'How many hours will it take?' Rebati asked the bus conductor.
'Where did you say you will be going?' The conductor asked. He had rolled a paper and with it he was trying to poke his ear.
The bus was just like a bus should be in this part of the red soil. Filled with people, labourers, chickens, goats and children on hips of women. They were all swinging and twirling keeping in exact timing with the twists and twirls the bus was having on the dusty road.
'How do people live here?' Rebati thought.
A few minutes ago a little boy had tugged her saree and soiled it. His nose had something dropping out, slimy. Rebati almost wriggled with nausea.
'Bad decision...' Rebati thought.
'I should have taken the car ... but this papa of mine, he would never allow me to go anywhere driving...take the driver...Pooh! Uncle had grown old...he can't even see properly and the way he drives, as if he is trying to follow a snail! How many times I have asked Papa to replace that driver-uncle, but he wouldn't budge...'
Rebati was fuming inside.
She felt drops of perspiration gathering on her forehead and nose tip.
'Where are those tissues?'
Rebati brought one out of her purse.
After a swipe, she was relieved.
Recently she had got a makeover at a well-known parlour. Cropped her hair to suit her face. Made a few curls.
'All will be wasted in this dust...but this assignment...'
Rebati's boss had asked her to collect samples of soil from a village, some twenty-five kilometres away from the heart of the city which would be used by their company as a sample. They were sampling the soil before they would be putting the data into a base. It would be part of a statistical survey.
The people who were sitting or standing by her were largely indifferent to her.
Rebati noticed that.
Only some urchins, with no clothes on their upper torso, were occasionally looking at her and giggling.
She didn't mind that.
After all she would just go to the place, collect the sample and turn back straight home.
'What about calling Subir and having a bit of telephone chat?' Rebati thought.
But he might be busy.
'Okay then, let's try someone else. After all this stupid journey by a bus through a dusty terrain.' Rebati thought.
After half an hour the conductor called.
'That's Ballavpur...'
'Really?' Rebati was elated.
She scraped through the crowd.
'Finally...'
Rebati looked around as she stood by the road.
'Where's the village?'
There was no sign of any hutment. Only vast paddy fields on both sides of the road.
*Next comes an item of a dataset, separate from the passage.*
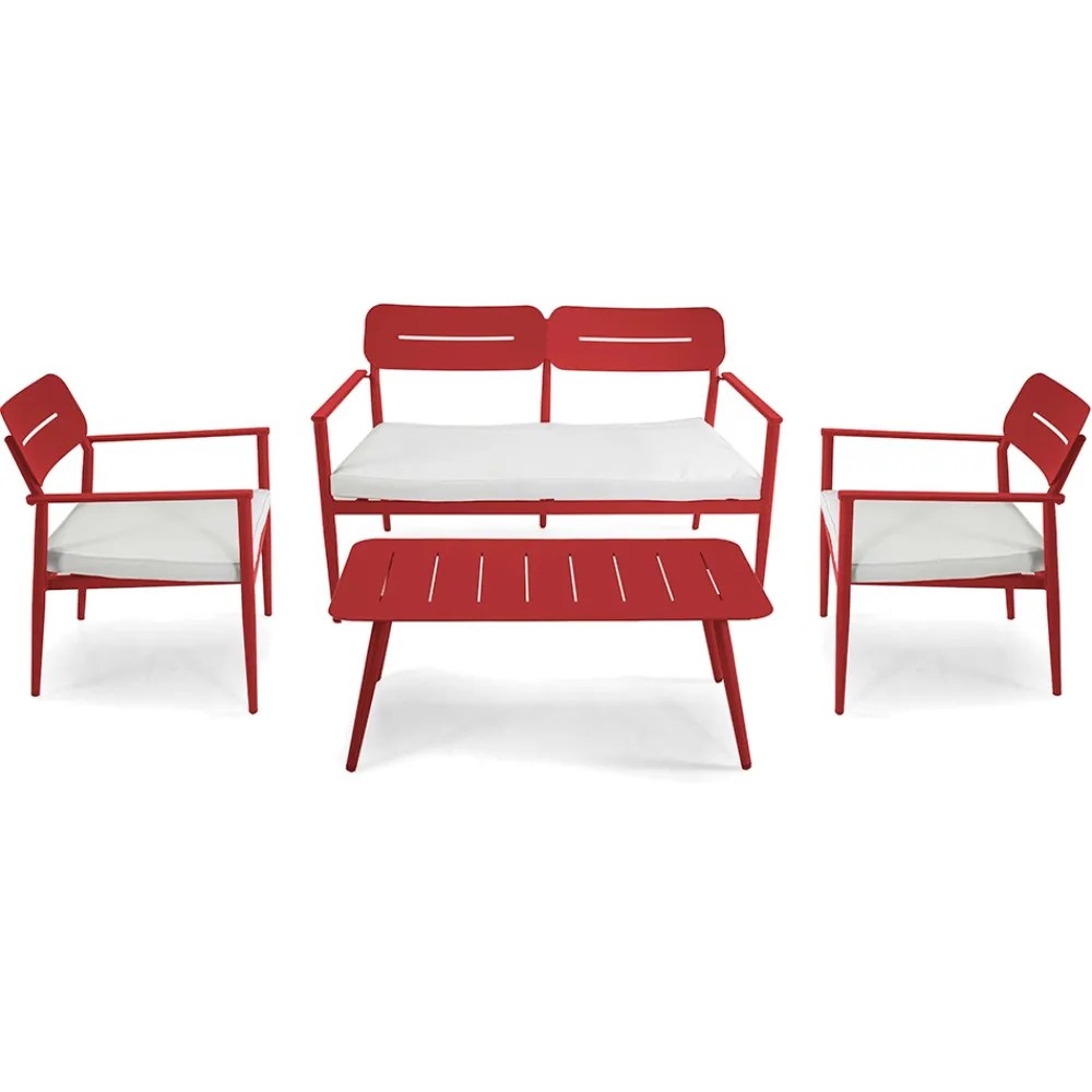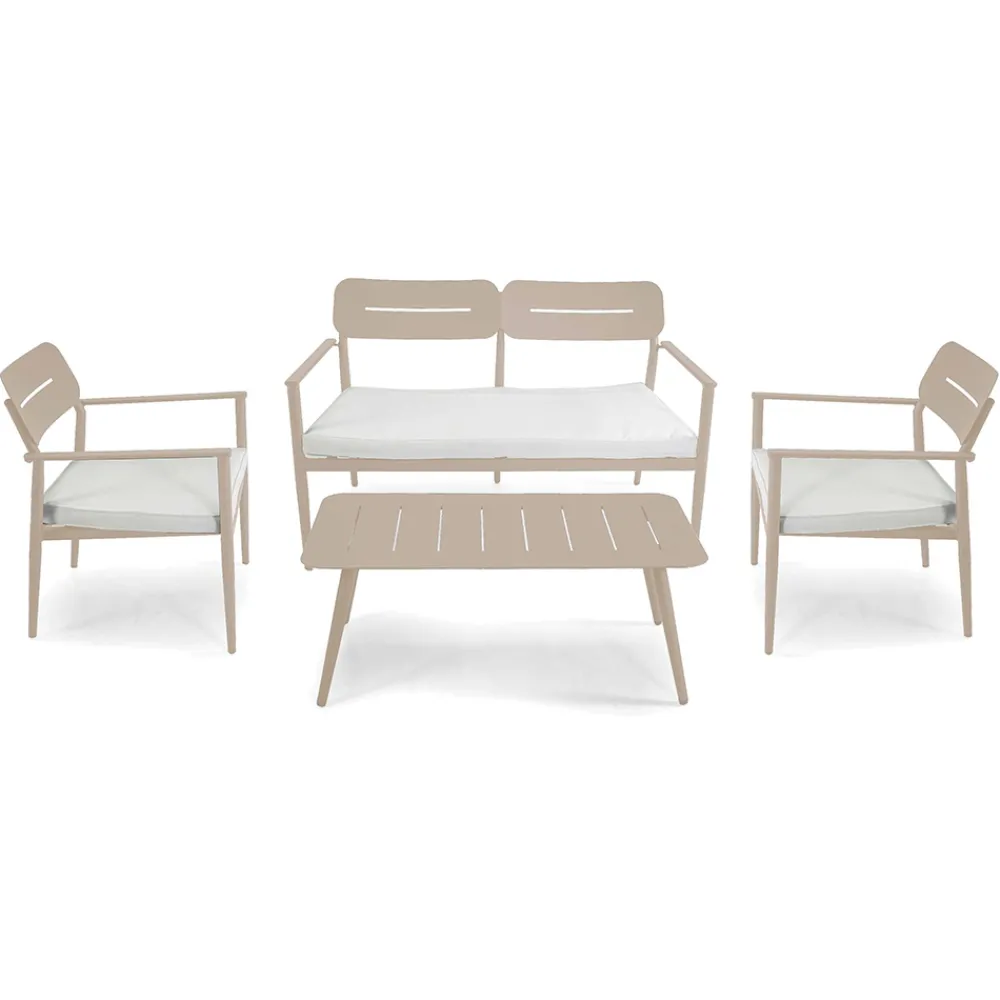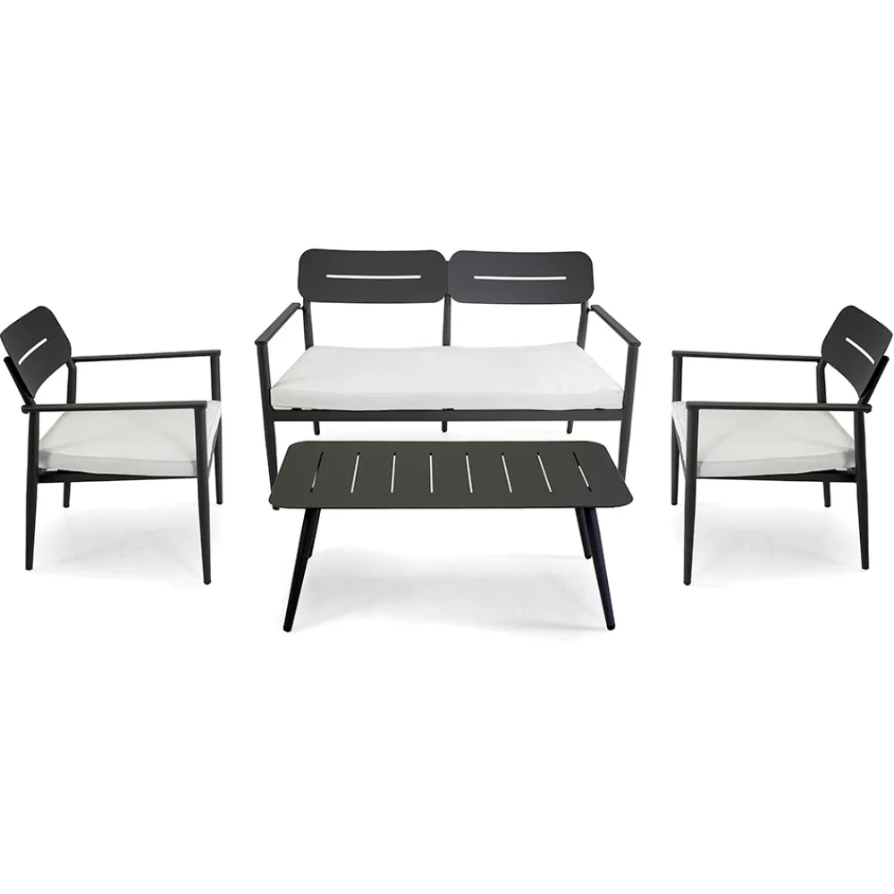 Diese Outdoor-Lounge kombiniert Funktionalität und modernen Stil , perfekt für alle, die ihren Außenbereich geschmackvoll einrichten möchten. Der Aluminiumrahmen ist sowohl elegant als auch robust und garantiert eine lange Lebensdauer und einfache Wartung. Jedes Element des Sets ist so konzipiert, dass es maximalen Komfort bietet, vom Sessel mit seiner ergonomischen Rückenlehne bis zum geräumigen Sofa mit weichen und einladenden Kissen.

A lone electric tower structure stood in the midst of the paddy field that seemingly stretched to the horizon.
It was only ten thirty or so.
The sun was not really beating down, but after that journey in that bus with people almost jutting out of windows and the door, Rebati was feeling a bit clumsy.
She wiped her face with a wet tissue. It turned blackish red as immediately.
The soil.
A man was riding a cycle van through the road.
'Excuse me, can you tell me where is Ballavpur?' Rebati asked.
'Go down that way...'
The man showing her an embankment through the paddy fields and went away.
Rebati again mouthed another round of curses which started with her father and ended with her boss.
As she was walking, somehow, due to her absentmindedness, she slipped and fell into the field itself.
Now she had soil all over.
A boy who was with a stick running a cycle tyre, saw her.
He pulled her up.
'Where are you going?'
'Ballavpur...' Rebati said, almost on the brink of tears.
'Come with me...'
Rebati followed the boy.
He took her to their hut. It was a mud hut with straw roofing overhead.
Rebati was uncertain about entering the hut.
Then a woman came out. She was frail but sturdy.
'My mother...'
The boy said as he told her mother about finding Rebati in a paddy field.
Rebati informed her of the assignment.
The woman took her to their well.
She pulled pails of water and helped her rub the soil off her saree.
'It will dry out before you would be going back...' the woman said in Bengali.
Rebati started talking about her assignment.
It would be of no problem, she was assured.
She could take as much soil she could from Ballavpur.